Differential Privacy, Electronic Health Record (HER), Perturbation, Time series, Root Mean Square Error (RMSE), Confidence Interval, KNN (K-Nearest Neighbors).

1. Introduction

Electronic Health Records (EHR) contain highly sensitive patient information, making privacy preservation a critical concern in medical research. Sweeney et.al discussed about Traditional anonymization techniques often fail to provide robust protection against re-identification attacks. Dwork et.al developed Differential privacy (DP) which has emerged as a gold standard for privacy preservation, but its application in EHR data often introduces excessive noise, degrading data utility. To address this Denham et.al explored a hybrid-combined three techniques to make data private which balances privacy and utility. In our previous research, we have introduced a similar Hybrid technique which is a combination of addition of interval-based perturbation and applying Gaussian noise which gives formal guarantees for privacy. By these two stages approach the accuracy has increased with less noise and thus this data set is more useful for data analysis and for prediction. But since the data we used in the previous research is a Time series data and mostly numerical it is limited to only perturb the numerical data. There are also vulnerabilities associated with differentially private data are further highlighted by concerns about the sensitivity of the algorithms that generate it. For example, Zhu et al mentioned that adversarial attacks have been shown to exploit weaknesses in the noise and perturbation mechanisms of differential privacy methods. In contrast, Cao et al addresses that synthetic data frameworks can be designed to avoid these pitfalls by generating data that eliminates direct access to original data characteristics or patterns that could be manipulated by malicious actors. This literature review examines existing approaches to EHR data perturbation, focusing on interval-based noise addition, Gaussian noise mechanisms, and K-Nearest Neighbors (KNN) for synthetic data generation.

RELATED WORK

The k-nearest neighbors (KNN) algorithm serves as a foundational method in machine learning due to its heuristic simplicity and intuitive application in classification and regression tasks. An emerging area of interest within KNN research revolves around the generation of synthetic data points, particularly through the Synthetic Minority Over-sampling Technique (SMOTE).
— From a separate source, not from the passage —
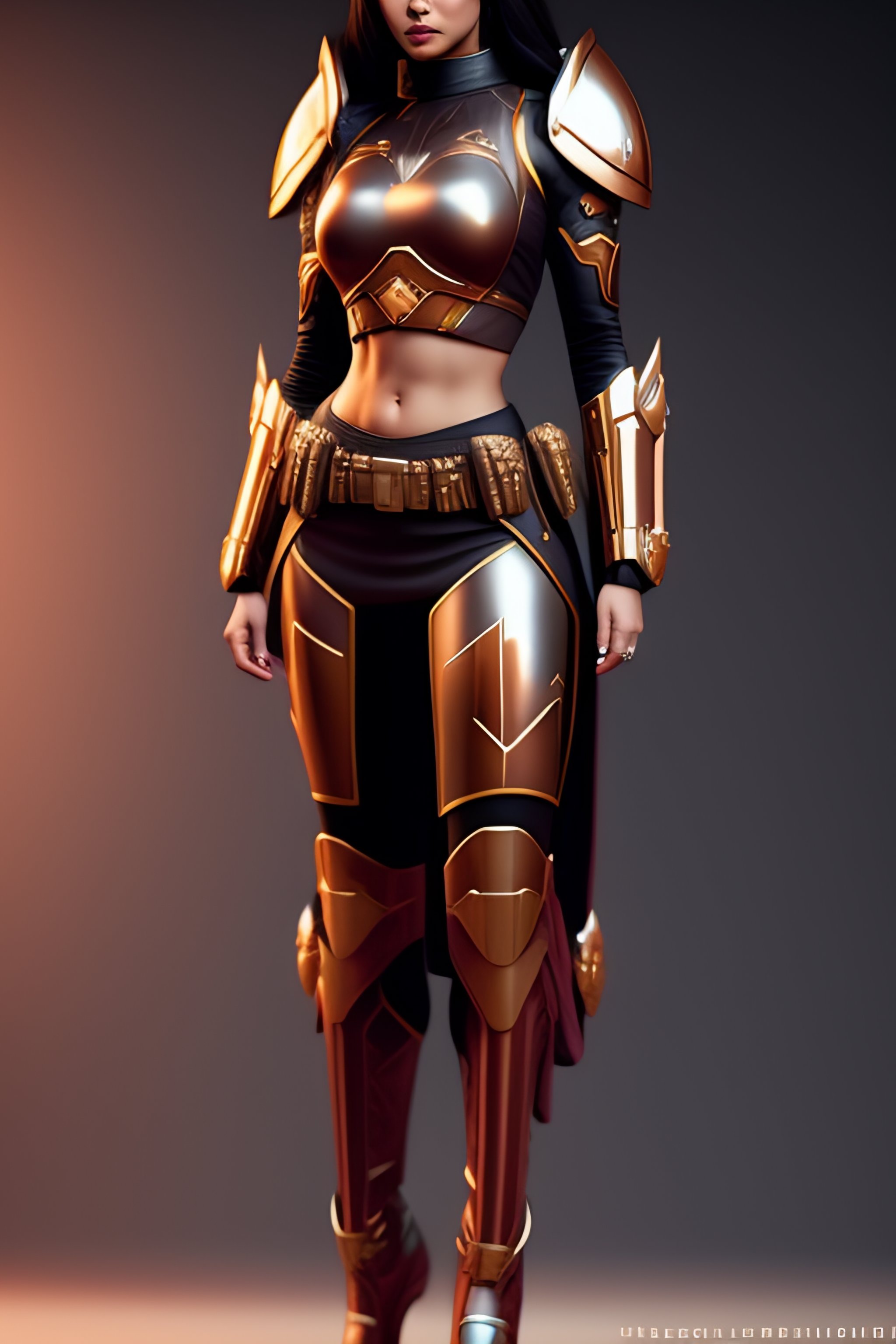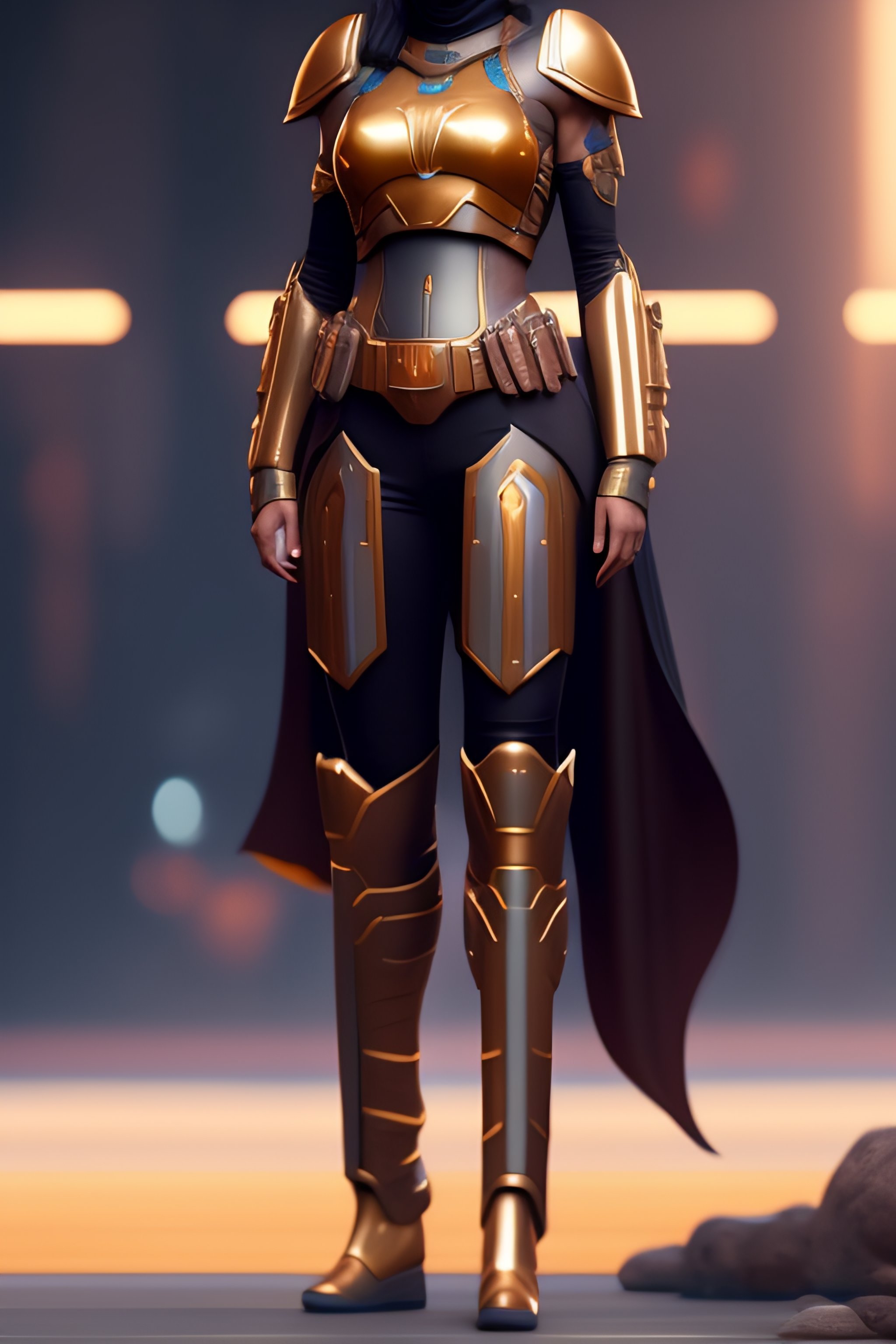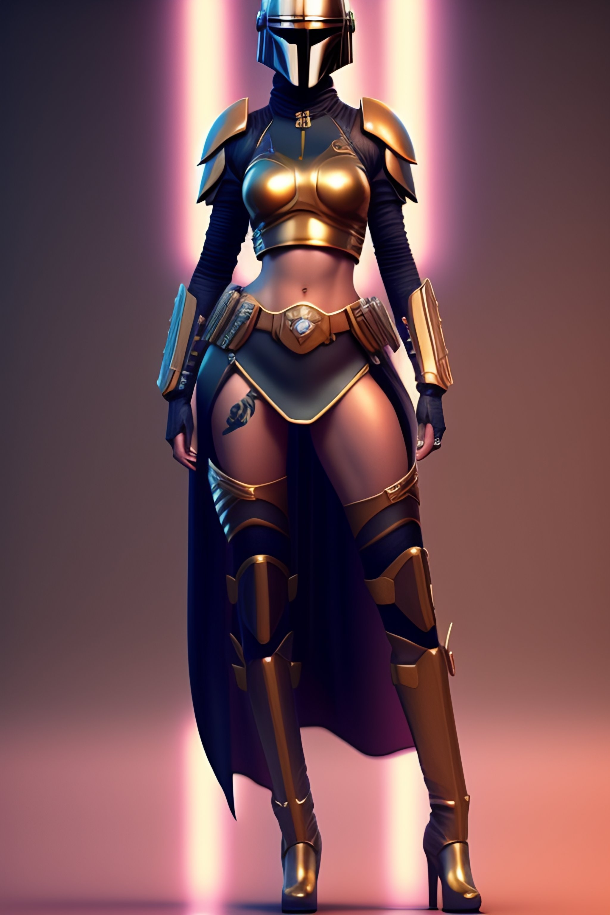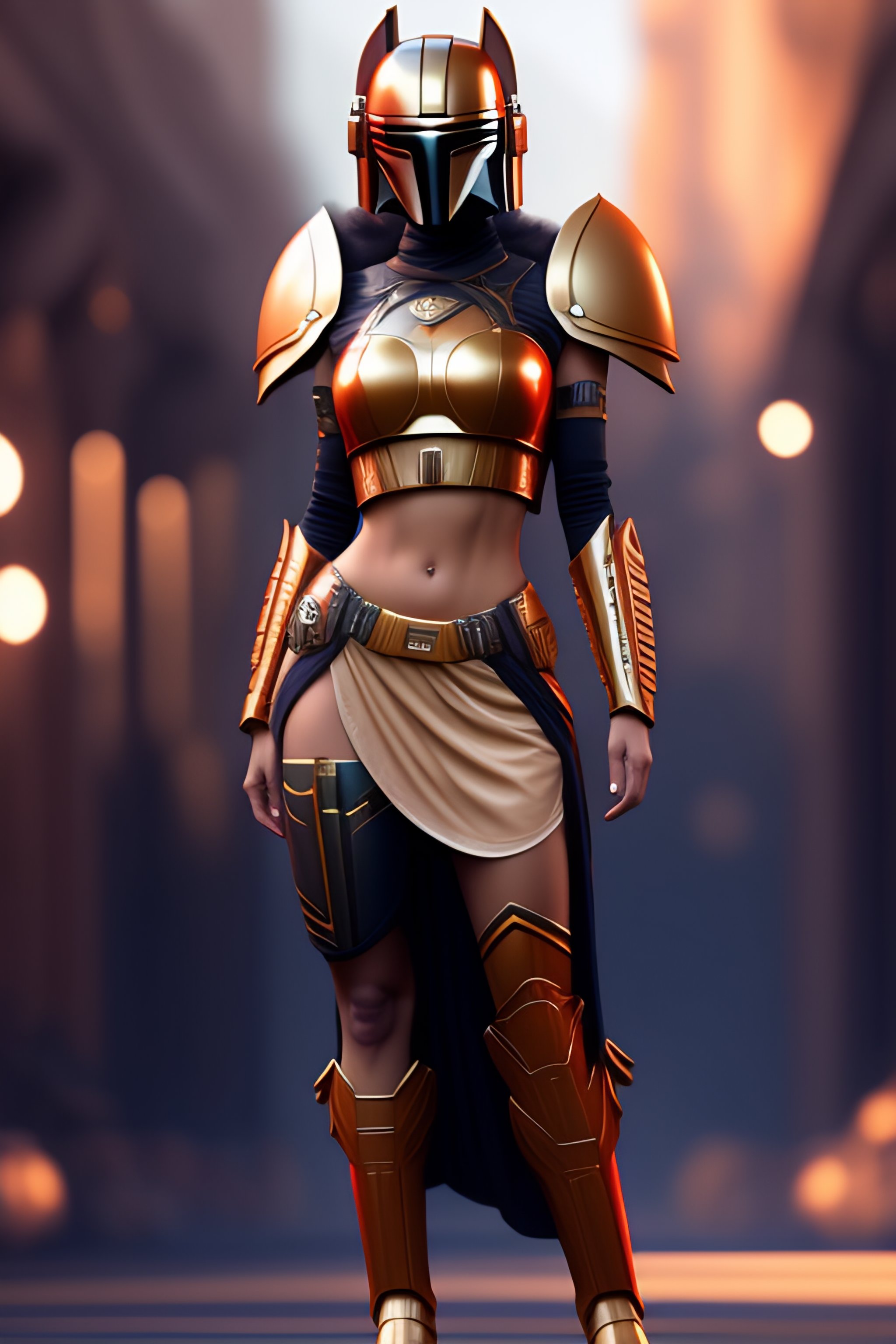 A feminine female version of mandalorian with midriff in full body view, dream-like art, smooth lighting, artgerm, artstation, full body shot, 8k, cinematic lighting, photoreal, full body view, octane render, ultra-resolution, full body view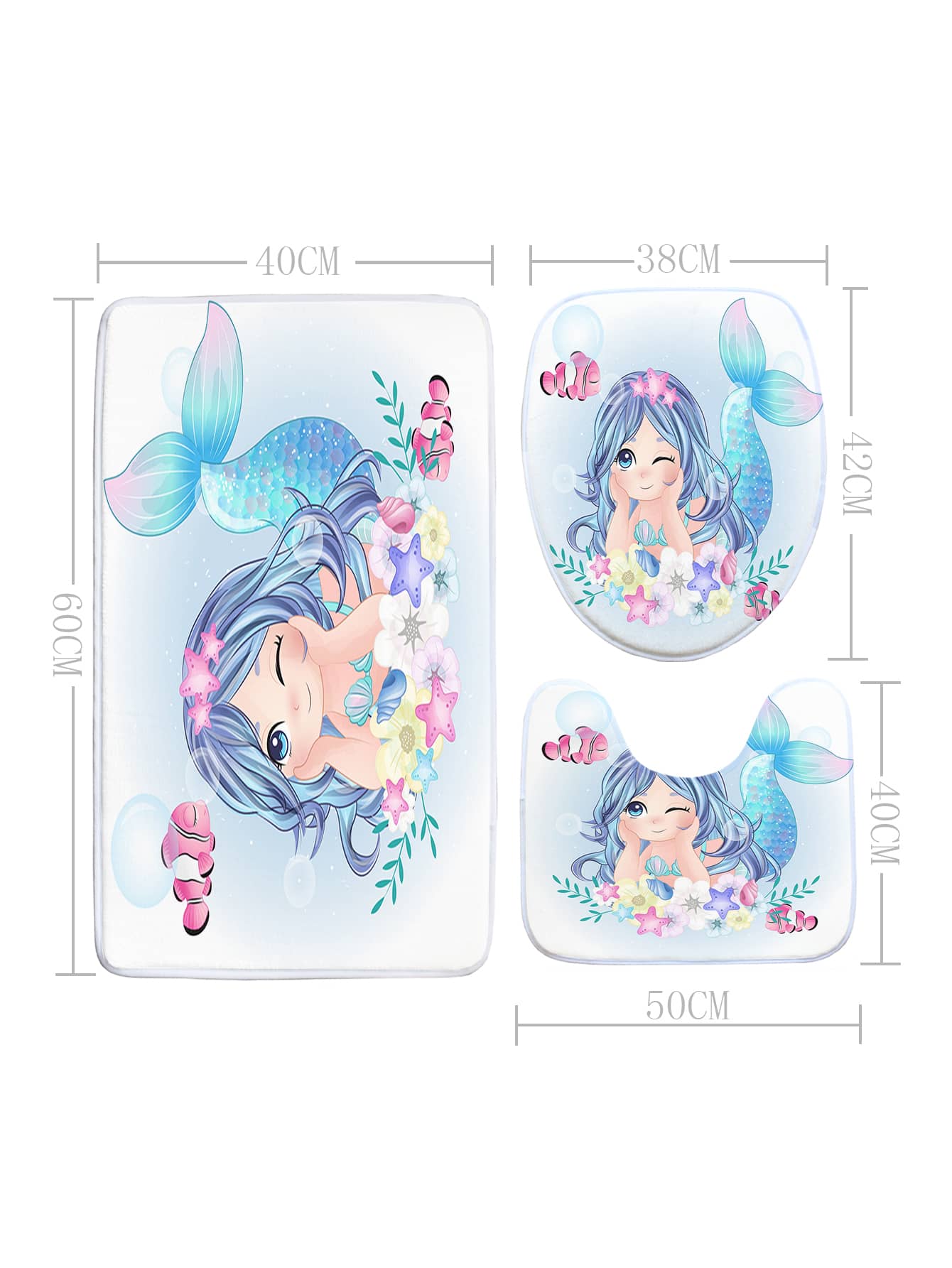 4pc Mermaid Print Bath Mat AndShower Curtain

This literature review explores the methodologies and implications of using KNN to create synthetic data points, elucidating its relevance across multiple domains.

The increasing demand for access to Electronic Health Record (EHR) data for machine learning and predictive analytics has underscored the persistent tension between data privacy and utility. A significant body of research has explored methods to achieve an optimal trade-off between these two competing objectives, ranging from differential privacy (DP) mechanisms to synthetic data generation frameworks.

Differential privacy, introduced by Dwork and colleagues, has become the gold standard for privacy preservation by adding calibrated noise to data or query results. However, excessive noise often degrades analytical performance, leading to loss of data fidelity. Recent studies have focused on fine-tuning noise parameters and introducing hybrid techniques that maintain usability while reducing sensitivity. For example, Zhang, Wang, and Zhou proposed a multi-stage DP framework that adaptively adjusts noise injection to balance confidentiality and accuracy in EHR data. Similarly, Chen, Li, and Zeng utilized hybrid statistical modeling with GAN-based regularization to preserve clinical features while maintaining differential privacy constraints.

In the medical domain, Gursoy et al. demonstrated that local differential privacy can safeguard sensitive health data with limited accuracy degradation. Their framework achieved an improved privacy-utility equilibrium through patient-level perturbations rather than global noise addition. Denham et al. further improved upon traditional anonymization by employing cumulative additive noise, enhancing resilience against re-identification. More recently, Lee, Choi, and Lim proposed an adaptive cluster-based noise injection approach that mitigates overfitting while retaining inter-variable dependencies in healthcare datasets.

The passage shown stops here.